= Exercise data =
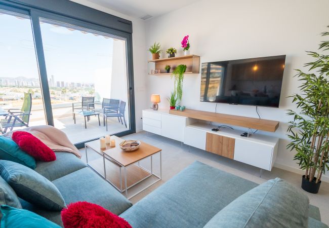 Disfruta de una estancia de máxima categoría en este espectacular apartamento de diseño en Camporrosso Serpentine, un refugio de lujo en Finestrat que redefine el confort mediterráneo. Con capacidad para 5 personas y una impresionante terraza privada, esta vivienda de altas calidades te otorga acceso exclusivo a instalaciones de un auténtico resort de cinco estrellas, incluyendo una icónica piscina comunitaria, gimnasio de última generación y una piscina cubierta climatizada ideal para cualquier época del año. Es el destino perfecto para quienes buscan exclusividad, bienestar y unas vistas inmejorables en el entorno más vanguardista de la Costa Blanca.
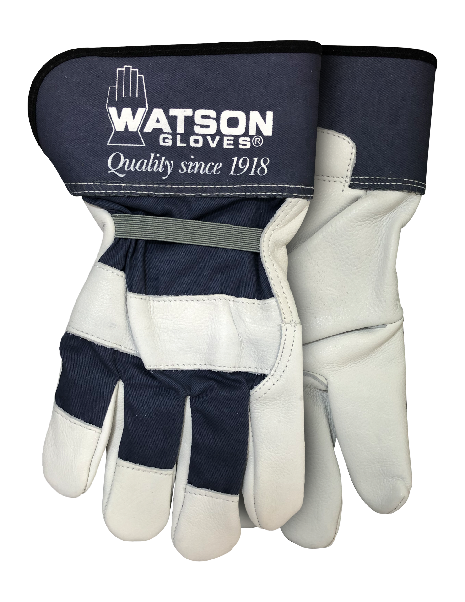Full-grain buffalo leather, cotton drill back, outside elastic wrist, slip-on style safety cuff. Size OS
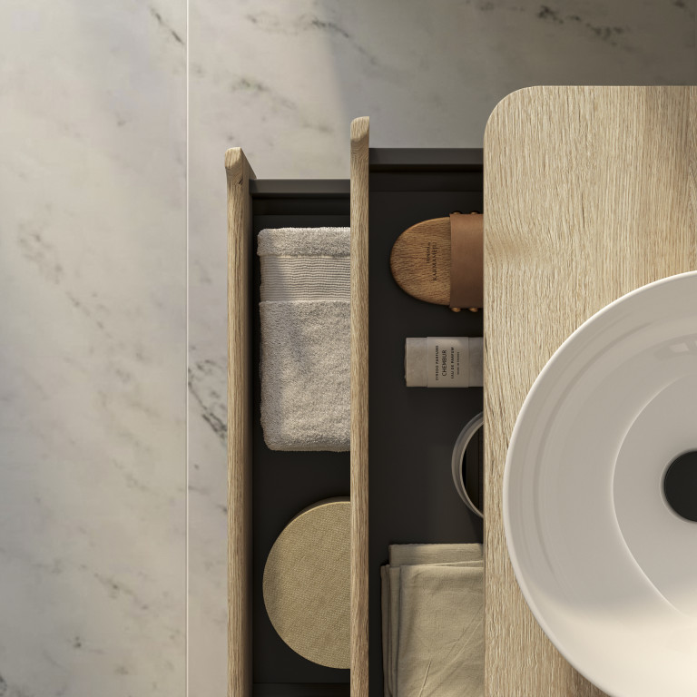 Bromont brings a contemporary feel to any bathroom with its rounded corners, integrated handles and colour-matched worktop. Crafted with an emphasis on material quality, with an easy-to-clean, ceramic bowl, water-resistant matt finish and soft-close drawers. Bromont not only adds a touch of modern elegance to your bathroom but also prioritises functionality and quality.

= Work task =
Begin at the line containing "Full-grain buffalo leather, cotton" and stop at the last line of the data. Repeat only those lines, exactly, and leave out the pictures.

= Solution =
Full-grain buffalo leather, cotton drill back, outside elastic wrist, slip-on style safety cuff. Size OS
 Bromont brings a contemporary feel to any bathroom with its rounded corners, integrated handles and colour-matched worktop. Crafted with an emphasis on material quality, with an easy-to-clean, ceramic bowl, water-resistant matt finish and soft-close drawers. Bromont not only adds a touch of modern elegance to your bathroom but also prioritises functionality and quality.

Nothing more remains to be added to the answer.